8.3. Gebruik
Om de machine te kunnen gebruiken, moet u eerst de stroomtoevoer inschakelen. Plaats daartoe hoofdschakelaar QS op het
onderstel van de machine in de stand 'I' (gesloten).
Standen van schakelaar QS: `O' = stroomtoevoer onderbroken
Druk op het rechterpedaal om de bewegingsrichting naar rechts in te schakelen. Het pedaal bedient microschakelaar SB2.
Deze zorgt voor ervoor dat relais K1 contact maakt en motor M van stroom wordt voorzien. De motor moet rechtsom
draaien.
Druk op het linkerpedaal om de bewegingsrichting naar links in te schakelen. Het pedaal bedient microschakelaar SB3. Deze
zorgt voor ervoor dat relais K2 contact maakt en motor M van stroom wordt voorzien.

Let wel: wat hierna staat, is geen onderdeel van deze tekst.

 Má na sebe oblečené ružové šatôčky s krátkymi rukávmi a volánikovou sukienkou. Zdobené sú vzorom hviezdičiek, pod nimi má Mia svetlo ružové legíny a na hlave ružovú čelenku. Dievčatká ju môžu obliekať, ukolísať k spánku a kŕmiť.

De motor moet linksom draaien.
Als het pedaal wordt losgelaten, wordt het contact van de microschakelaar (SB2 of SB3) verbroken, het relais (K1 of K2)
geopend en stopt motor M.
De motor blijft draaien, zolang één van de pedalen is ingedrukt.

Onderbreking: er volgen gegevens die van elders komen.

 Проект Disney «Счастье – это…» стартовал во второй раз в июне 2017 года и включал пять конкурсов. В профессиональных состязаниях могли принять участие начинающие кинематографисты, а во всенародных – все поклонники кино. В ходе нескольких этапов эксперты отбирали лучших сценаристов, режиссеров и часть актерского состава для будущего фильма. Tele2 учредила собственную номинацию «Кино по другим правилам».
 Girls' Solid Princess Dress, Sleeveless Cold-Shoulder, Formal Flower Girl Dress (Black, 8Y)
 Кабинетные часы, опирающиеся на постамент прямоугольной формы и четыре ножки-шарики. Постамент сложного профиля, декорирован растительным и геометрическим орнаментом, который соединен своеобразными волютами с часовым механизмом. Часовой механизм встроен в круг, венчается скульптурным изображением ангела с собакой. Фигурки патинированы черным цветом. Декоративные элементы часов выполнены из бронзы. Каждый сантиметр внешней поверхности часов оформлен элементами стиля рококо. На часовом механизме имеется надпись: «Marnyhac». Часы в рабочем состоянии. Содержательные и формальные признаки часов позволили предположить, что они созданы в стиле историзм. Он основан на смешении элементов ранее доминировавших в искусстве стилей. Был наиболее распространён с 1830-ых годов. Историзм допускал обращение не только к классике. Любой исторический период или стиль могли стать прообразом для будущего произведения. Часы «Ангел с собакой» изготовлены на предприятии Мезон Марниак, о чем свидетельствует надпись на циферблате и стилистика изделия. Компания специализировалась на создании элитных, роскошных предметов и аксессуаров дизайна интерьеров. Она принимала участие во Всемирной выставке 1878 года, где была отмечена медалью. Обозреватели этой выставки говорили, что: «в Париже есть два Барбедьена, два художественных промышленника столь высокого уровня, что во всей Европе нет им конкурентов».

De machine is uitgerust met een noodstop SB1, die moet worden ingedrukt in geval van nood of bij reparaties,
stelwerkzaamheden, onderhoud enzovoort.
Nadat SB1 is gebruikt, moet de knop weer uitgetrokken worden voordat de machine opnieuw kan worden gebruikt.

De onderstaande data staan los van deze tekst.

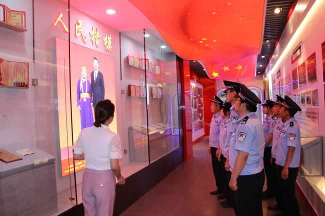 習(xí)近平新時代中國特色社會主義思想實踐基地由四子王旗委政府于2021年5月建成,總面積460平米,展廳內(nèi)展出圖片241張、文字展板34塊、視頻資料12個,分黨史學(xué)習(xí)教育、都貴瑪先進事跡、新時代文明實踐中心三個展廳,力圖打造成鞏固民族團結(jié)大局、鑄牢中華民族共同體意識的紅色教育主陣地。在黨史學(xué)習(xí)教育展廳,全體黨員民警通過多媒體技術(shù),深入了解了黨的歷次代表大會主要內(nèi)容、我們黨理論探索的發(fā)展歷程和中國共產(chǎn)黨人的精神譜系以及習(xí)近平總書記對內(nèi)蒙古的重要囑托,重溫了習(xí)近平總書記“七一”重要講話精神,引導(dǎo)黨員民警牢記初心使命,時刻銘記黨性是黨員立身、立業(yè)、立德的基石。在都貴瑪先進事跡展廳,大家通過視頻、照片、文字、連環(huán)畫等方式細致了解了“草原母親”都貴瑪養(yǎng)育28名孤兒和挽救40多位產(chǎn)婦的感人事跡,共同回憶了都貴瑪老人與邊防官兵、移民管理警察相處的點點滴滴。大家被都貴瑪老人身上“初心如炬 大愛無疆”的精神深深折服,深切感受到榜樣的力量。在新時代文明實踐中心展廳,大家還了解到駐地四子王旗新時代文明實踐工作的重要舉措和成果,通過對照人民楷模和道德模范,深入開展深刻檢視,進一步強化了黨員民警建設(shè)美麗邊疆、維護安全穩(wěn)定的信心決心。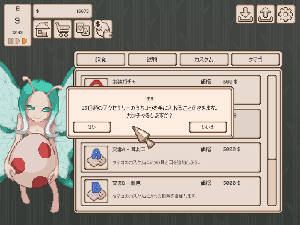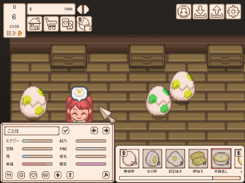 このゲームはチュートリアルが無いので体当たりで仕様や操作を覚える必要がありますが、お金の稼ぎ方が安定してくるとどんどんタマゴを増やすことができてお気に入りの見た目のタマゴハーレムを築くことができます。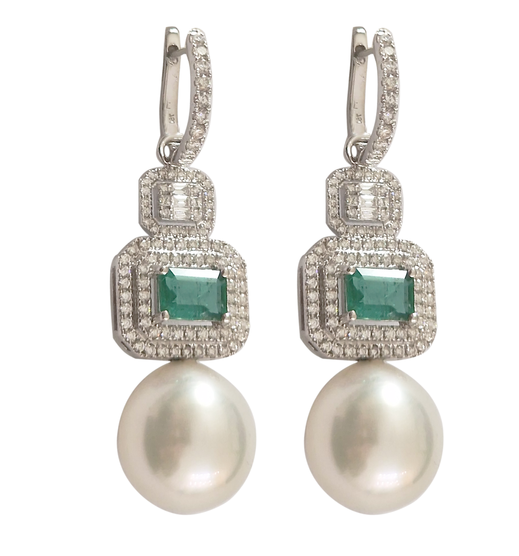 E270- Σκουλαρίκια με Σμαράγδια 1,75cts- Λευκά Διαμάντια 1,36cts – Μαργαριτάρια Νοτίων Θαλασσών 13-14mm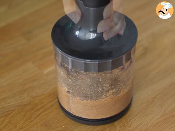 Odata racit, spargeti niste bucati de alune caramelizate si puneti-le intr-un chopper. Se amesteca in perioade de 30 de secunde timp de aproximativ 5 minute pentru a evita supraincalzirea motorului si pentru obtine un aluat.

De noodstopknop is namelijk voorzien van een vergrendeling en blijft anders ingedrukt.
8.4. Onderhoud en reparaties
8.4.1. P
ROBLEMEN OPSPOREN EN VERHELPEN
8.4.1.1.
Als alle voorschriften en instructies bij de voorgaande punten zijn doorgenomen, maar de machine bij indrukken
van een pedaal en relais K (K1 of K2) niet start, volgt u deze stappen:
a.
controleer of de machine op de juiste wijze van stroom wordt voorzien (3~50 Hz; 400V),
b.
kijk of de thermische beveiliging (FR) van de motor M ingeschakeld is en probeer hiervan de oorzaak te
achterhalen. Daarbij komen in ieder geval de volgende oorzaken in aanmerking:
-
de machine is aangesloten op een stroombron met slechts 2 fasen of een spanning < 360V/50Hz,
-
de thermische beveiliging is niet goed ingesteld op de waarde van 2.3 A,
-
elektromotor M is geblokkeerd en draait niet door wrijving in de aandrijfketen tot aan de hoofdas of door
defecte kogellagers,
-
de elektromotor M is defect,
-
het thermische relais FR is defect.
los het probleem op en reset de beveiliging
c.
controleer zekeringen F2 en F3 en probeer de oorzaak te bepalen als een zekering doorgebrand is. Verhelp
het probleem en vervang de zekering
WAARSCHUWING!: vervang de zekering alleen door een zekering met de voorgeschreven kenmerken.
d.
controleer of de transformator 24V levert voor de stuurstroomkring:
-
meet of er een spanning van 400V staat op de primaire spoel,
-
meet of er een spanning van 24V staat op de secundaire spoel.
e.
controleer of de stuurstroomkring niet onderbroken is:
-
de verbindingsschroeven moeten goed vastgedraaid zijn,
-
de contacten van de schakelelementen (SB1, SB2, SB3, FR) in het stuurstroomcircuit moeten goed
sluiten.
f.
controleer relais K.
8.4.1.2.
Als bij indrukken van een pedaal het relais schakelt maar elektromotor M toch niet start, zijn er twee mogelijke
oorzaken:
a.
Als motor M een spanning van 3~ 50Hz, 400V ontvangt:
-
kijk of de elektromotor defect is: controleer of de wikkelingen gebroken zijn, of de aansluitingen bij de
klemmen in orde zijn enzovoort.
b.
Als motor M geen spanning heeft, moet u de hoofdstroomkring controleren:
-
controleer de zekeringen F1 van het hoofdstroomcircuit. Als een zekering is doorgebrand, moet u de
oorzaak verhelpen en de zekering vervangen,
WAARSCHUWING! Gebruik alleen componenten met dezelfde kenmerken.
-
kijk of alle verbindingen en kabels van het hoofdstroomcircuit goed vast zitten.
Voor de metingen kan men een multimeter gebruiken, waarmee V, A en Ω kunnen worden gemeten.